Perforce, I am looking back at Old Bombay, but this visit I did out of choice. Sunday morning at the Gateway of India and the heat is still incredible. What has happened to winter in this city? The northerners can laugh but Mumbaikars know that there comes a time when you feel an ineffable nip in the air and can soothe yourself with the balm that the next three months will be pleasant. It wasn’t there on Sunday morning.
Neither was the Gateway of India. The monument was there, of course, and so were a few straggling photographers and crowds of people rushing into ferries to get away to Elephanta or Alibaug. Everything else was a dug-up mess. Barricades, ompty-toompty molehills, obstructions, earthmovers and picnickers negotiating the terrain did not make for a pretty picture. Shivaji’s statue looked a little bemused as it competed with the beautification process.
There was talk of a 100 trees being cut here much to everyone’s distress.

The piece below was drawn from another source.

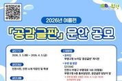 광장일보 주재영 기자 | 부평구가 3월 3일부터 4월 3일까지 한 달간 ‘2026년 여름편 공감글판’ 문안을 공모한다. 공모 내용은 청량한 여름 계절과 잘 어울리며, 희망과 공감을 나눌 수 있는 ‘30자 이내의 창작 글귀’다. 인천 시민이거나 인천 소재 직장인, 학생이라면 누구나 참여할 수 있다. 공감글판 문안을 제출하려는 주민은 부평구청 누리집 ‘공감글판’ 게시판에서 응모하거나 구청 홍보담당관으로 우편 발송, 또는 방문 제출하면 된다. 1인당 3편까지 제출할 수 있다. 구는 접수된 문안을 대상으로 공감글판선정단의 심사를 통해 총 5편의 당선작을 선정할 예정이다. 당선자에게는 최우수(1명) 30만 원, 우수(2명) 각 20만 원, 장려(2명) 각 10만 원 상당의 e음 카드 또는 온누리상품권을 지급한다. 지난 봄편 공감글판 당선작에는 최우수상 조인숙 씨의 ‘봄이라는 건 / 연두빛 어린 새싹이 / 기세좋게 기지개를 켜는 거야’를 비롯해 우수작으로 최동호 씨의 ‘네가 보고 싶어 / 이 봄 / 꽃들이 피어나네’와 안화균씨의 ‘봄바람 숲을 흔들어 / 꽃향기 피우니, / 마음도 춤추는 봄이다’ 등이 뽑혔다.

I never counted before and I have no idea now whether anything was cut or not. What I can say is that I unexpectedly bumped into Swami Vivekananda, whom I had forgotten about. Should one hope that the mess turns into beautification? Only if it doesn’t turn into the Marine Drivefiasco.

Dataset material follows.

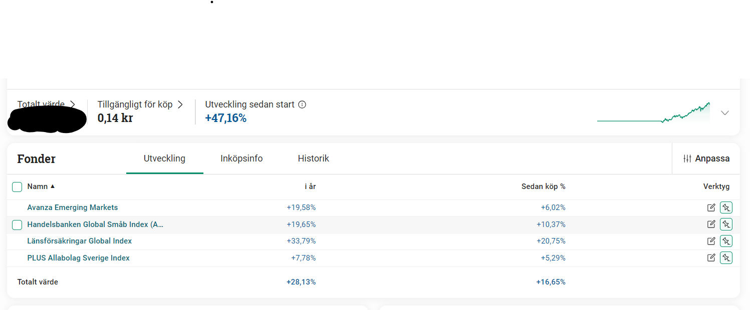 Fattar fortfarande inte, sorry. För att veta utveckligen i % bör vara (totala värde-periodens instättningar) /periodens insättningar=utveckling i procent. Då stämmer sedan start i %. Samma missvisade på Lysa. Där står sedan start 40 men egentligen 22%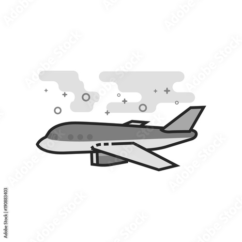 © puruan, Fototapeta premium Airplane icon in flat outlined grayscale style. Vector illustration.

To run away from the mess, nostalgia nudged us into the Sea Lounge at the Old Taj (with a new name) where we grabbed a window table from favoured tourists, ordered a cold coffee since the Viennoise is gone and stared happily at the boats bobbing in the harbour. Much fancier than in the olden days and many sleek speedboats in evidence made for a jolly seaside scene, sensibly viewed from inside an air-conditioner.
Meanwhile, further down the road, Lal Bahadur Shastri looked quite pleased with himself. This is because he had a neat little garden around him and neat pathways for pedestrians to negotiate. The old Sailor’s Home, now Police HQ, was also spiffed up, ready to celebrate 125 years.
Is the Old Bombay/ New Mumbai (but not Navi Mumbai) only to do with old buildings? Now that some genius in the BMC, after closing down Café Naaz, has decided to make a viewing deck on Malabar Hill so people can enjoy a sweeping view of the bay and its buildings, we can put that to the test. Oh yes, and have to get the ed to send me to Navi Mumbai, preferably with a hipster.